Маркиз отвечал поклоном.

– Но надобно вам сказать, – продолжал император, – что я не хочу вступать на эту дорогу – истинная сила Европы находится в руках Пруссии и России, и я хочу примкнуть к ним, ибо в союзе с ними перед нами открывается большое будущее. Я и раньше питал такие мысли, думал о восстановлении той могущественной решающей власти в Европе, которую создал Меттерних под именем Священного Союза; власть эта станет еще могущественнее, еще сильнее, когда место Австрии займет Франция. Фридрих-Вильгельм IV понимал меня, но его проницательный ум угас, он умер, великая мысль не осуществилась… Быть может, теперь она воскреснет. Когда мне уступят Люксембург и согласятся на то, что необходимо Франции для обеспечения ее будущего величия, тогда, мой дорогой министр, мои идеи примут определенную форму.

Маркиз поклонился.

– Мне известны идеи вашего величества, – сказал он, – и уже работал над их осуществлением. К сожалению, – прибавил он, опуская глаза, – мне не было дозволено продолжать свою деятельность в этом направлении…

Император протянул руку, которую министр почтительно пожал.

– Вы стали тогда жертвой своей служебной ревности, – сказал Наполеон ласково, – ревности, за которую я вам всегда был и буду благодарен.

– И если, – сказал маркиз, – это согласие не будет дано, то есть если сперва нам будут препятствовать, то необходимо будет проявить решительность и твердость, чтобы получить это согласие. Англия не станет мешать нам, а в Берлине пойдут на уступки, убедившись в серьезности наших намерений. Эйфория войны и упоение победой там поумерились, сложности внутренних отношений северного союза становятся ощутимее, и, конечно, в Берлине не захотят воевать ради такого пустяка. Я знаю Берлин, – прибавил маркиз с улыбкой. – И знаю, как тяжелы там на подъем.

Император смотрел на него с минуту.

– Вы знаете прежний Берлин, – сказал он наконец. – Я думаю, что теперь там быстрее принимают решения и ясно видят конечные последствия серьезного шага. Впрочем, – прибавил Наполеон, поднимая голову, – надобно действовать: поэтому напишите Бодену, чтобы он как можно скорее окончил переговоры о Люксембурге, а главное, хранил их до окончания в глубочайшей тайне – мы должны выступить с фактом уже совершившимся.

Маркиз встал и поклонился, спрятав бумаги в портфель.

Император также поднялся и сделал шаг к своему министру.
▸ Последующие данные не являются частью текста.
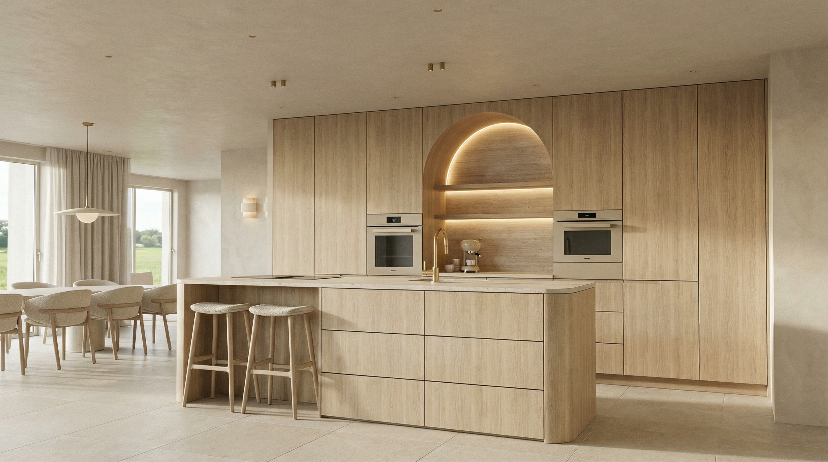 make it summer afternoon in japan outside the window close the curtains but make them translucent turn on the two hanging lights on both sides of the bed add the same upholstery texture that is around the bed on the white square on the wall behind the bed
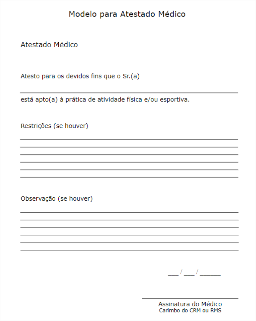 <p>Modelo para Atestado Médico Atestado Médico Atesto para os devidos fins que o Sr.(a) está apto(a) à prática de atividade física e/ou esportiva. Restrições (se houver) Observação (se houver) / / Assinatura do Médico Carimbo do CRM ou RMS</p>
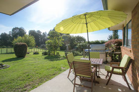 The dining room flows easily from the kitchen to the well-proportioned, open-plan living area, and three double bedrooms all with inbuilt storage. The master suite offers ensuite and generous wardrobe space. The well-established gardens and specimen trees have been well cared for, and offer a low-maintenance framework to the rolling lawns, perfect for a game of backyard cricket.
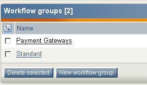 Click the New workflow group button. The New workflow group view will be displayed. Enter a name for the workflow group, such as 'Payment Gateways', then click the OK button.
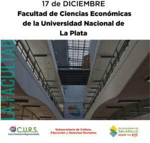 En el aniversario de la creación de la Facultad de Ciencias Económicas de la Universidad Nacional de La Plata, el 17 de diciembre de 1953, la Municipalidad de Saladillo, a través del C.U.R.S., expresa su reconocimiento a esta institución emblemática.

– Но в то же время не прекращайте переговоров с Австрией, – напутствовал его он. – Не следует отрезать себе путь отхода, чтобы, встретив препятствие нашим планам с одной стороны, мы могли положить на весы другой груз!

– Не беспокойтесь, государь, – отвечал маркиз. – Герцог Граммон будет продолжать свои беседы с Бейстом: они прекрасно находят общий язык, – прибавил он с едва заметной улыбкой. – И мы в надлежащее время можем обратить эти переговоры в нужную нам сторону, превратить их в основание политического здания или в поучительный материал для наших архивов.

– До свиданья, дорогой маркиз, – сказал Наполеон, милостиво помахав министру рукой, и тот с низким поклоном вышел из кабинета.

– Надобно отправить Бенедетти особую инструкцию, – промолвил император, – чтобы он понял всю важность вопроса и подготовил почву для него.

И он медленно повернулся в ту сторону комнаты, в которой темная портьера скрывала проход, ведущий в комнату его частного секретаря Пьетри. Кабинет опустел.

Через несколько минут отворилась входная дверь, и камердинер императора доложил:

– Ее величество императрица!

Императрица Евгения быстро вошла в кабинет, дверь без шума затворилась за нею.

Судя по осанке этой женщины, нельзя было предположить, что ей сорок один год. Черты ее лица, обрамленного чудесными золотисто-белокурыми волосами, потеряли уже выражение прежней юности, но и старость еще не наложила своей печати на античное лицо, чистые и благородные линии которого, казалось, сопротивлялись влиянию времени.

С невыразимой грацией сидела головка императрицы на длинной, красивой шее; большие глаза неопределенного цвета, хотя и не светившиеся глубоким умом, но выражавшие сильную впечатлительность, оживляли ее правильные, словно из мрамора, изваянные черты.

На императрице было темное шелковое платье, густые, широкие складки которого ложились, сообразно моде, на пышный tulle d’illusion5, который в низших слоях общества заменялся отвратительным и безвкусным кринолином; единственным убором служила брошь из большого изумруда, осыпанного жемчугом.